My Dad wants to weed the garden with Levingtons Evergreen Feed and Weed.

It says its safe for pets and children once dry, but then again, children aren't going to eat it.

Is this safe for my rabbits?

He wants to do the weeding today so please reply.

Thanks


----------



## jcottonl02 (Jun 2, 2009)

Okay- Just want to add- I rung the company just now to see if they knew.

I asked them specifically about rabbits.

They said once it is dry, the grass should be totally fine for the rabbits to eat, but if we want to be on the safe side, keep them off it for a few days to ensure it is really thoroughly dried apparently.

Does this sound okay to you guys? You know a lot mre about it than me.

They seemed to know what they were talking about with regard to rabbits though, and their product.


----------



## SOOOSKA (Jun 2, 2009)

I'd be very cautious about putting the bunnies on the grass for at least a week.

Can you not did out the weeds?

Just My Opinion

Susan


----------



## Maureen Las (Jun 2, 2009)

*SOOOSKA wrote: *


> I'd be very cautious about putting the bunnies on the grass for at least a week.
> 
> Can you not did out the weeds?
> 
> ...



I agree;

the company is going to want to sell their product. can you tell us what they treat with
and in the meantime I would keep the rabbits off despite the reassurances


----------



## tonyshuman (Jun 2, 2009)

I agree that after a week or two it should be fine, but I would definitely wait longer than they say. Just waiting until it dries isn't going to be enough. Also, what about sectioning off a small part of the lawn to not be treated so Benji and Pippin can play on that part?

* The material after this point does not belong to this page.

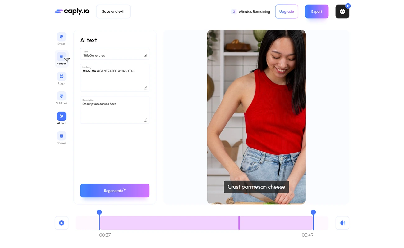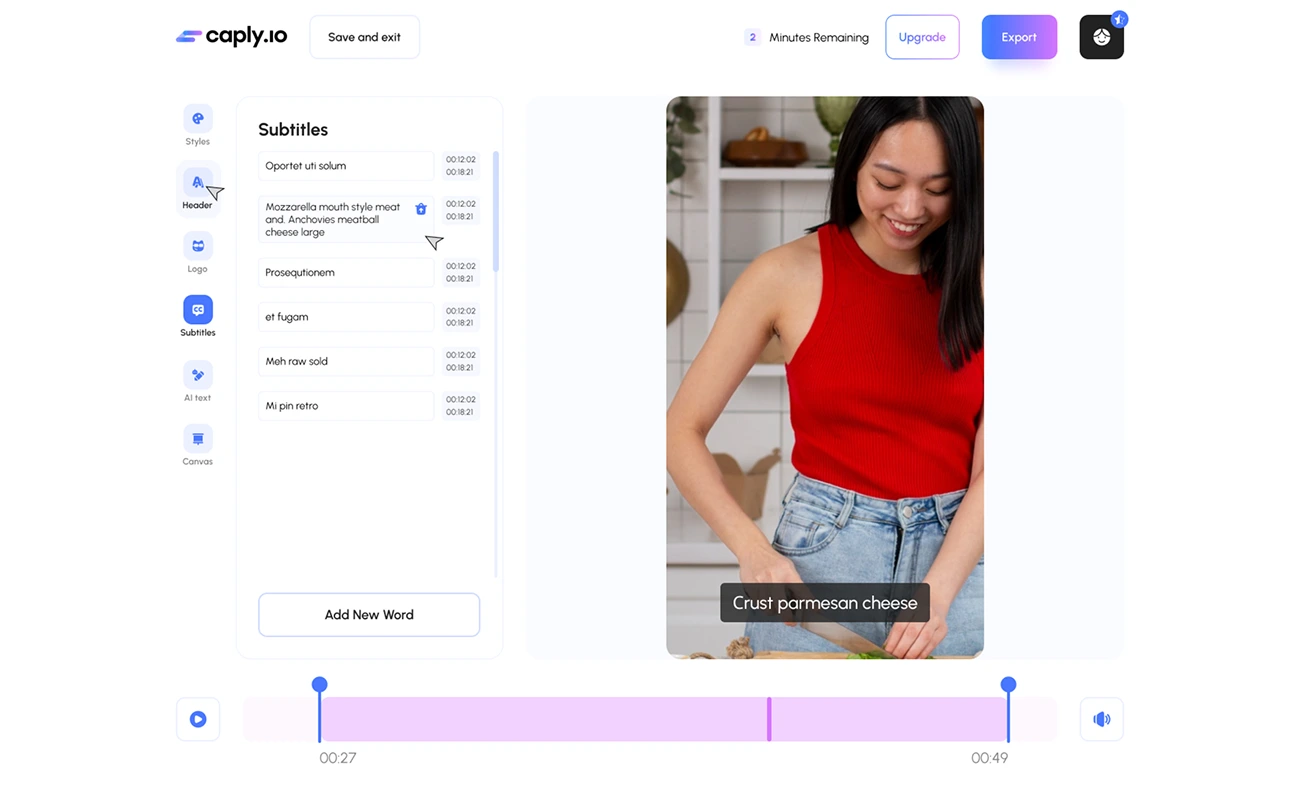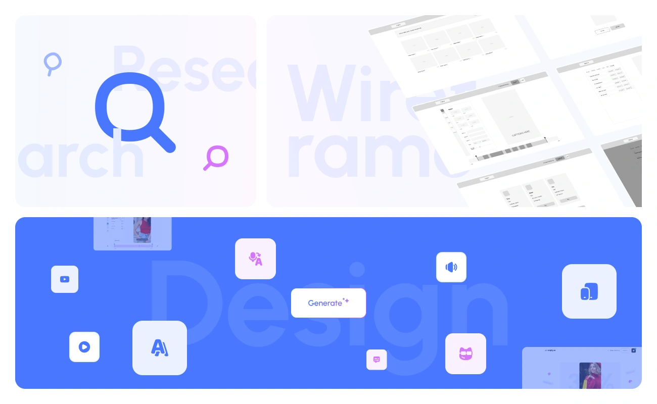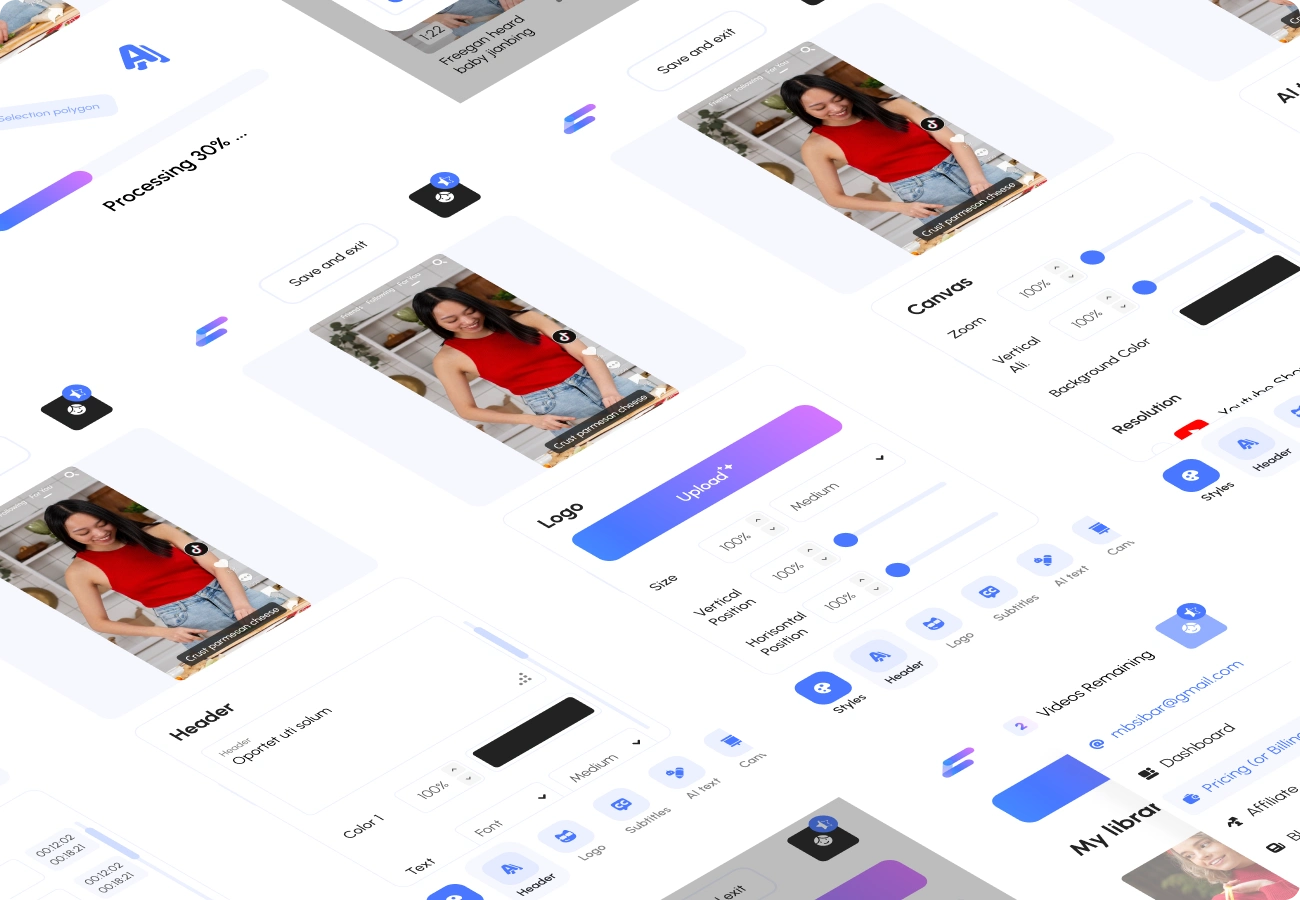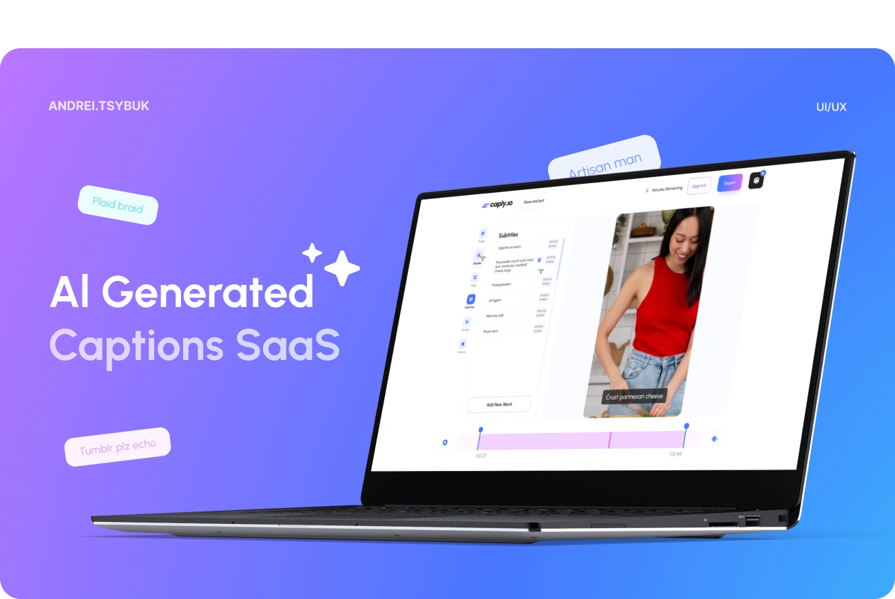 Design a saas application for subtitling with ii, and video editing. A sleek and modern interface and a mobile version have been developed.

edit: it contains MCPA http://en.wikipedia.org/wiki/MCPA
dicamba http://en.wikipedia.org/wiki/Dicamba
mecoprop-P http://en.wikipedia.org/wiki/Mecoprop http://www.pesticideinfo.org/Detail_Chemical.jsp?Rec_Id=PC35990

The last two sound pretty bad. I'd let at least a few good rainfalls happen before letting your guys play on grass treated with this stuff.


----------



## maherwoman (Jun 2, 2009)

*tonyshuman wrote: *


> Also, what about sectioning off a small part of the lawn to not be treated so Benji and Pippin can play on that part?


I'd say that's a brilliant idea!


----------



## jcottonl02 (Jun 3, 2009)

Thanks so much for your replies.

My Dad was saying to be on the safe side we should wait at least a week, and you guys all say the same so that's really good.

I would do that- section a bit off, but I move their run every day so they get fresh grass and stuff, and also so it doesn't get all pooped up etc.
So while that would be a good idea, after a few days that space gets quite mucky, and the grass is so short and after a while begins to yellow. 


Also- someone said about just weeding it by hand- that would seem an ideal solution, but it is a BIG garden lol, and also it's weed and feed. My dad is using it to get all the weeds off the entire stretch of grass, and to make the grass thicker and lusher. I don't think weeding by hand would help much.


So you guys agree it should be fine, as long as I leave it a week or two, and wait for a few rainfalls? After that they should be fine to go back on it?

Thanks so much for ur replies- I really needed ur advice cos tbh I don't trust manufacturing companies to know (or care) much.


----------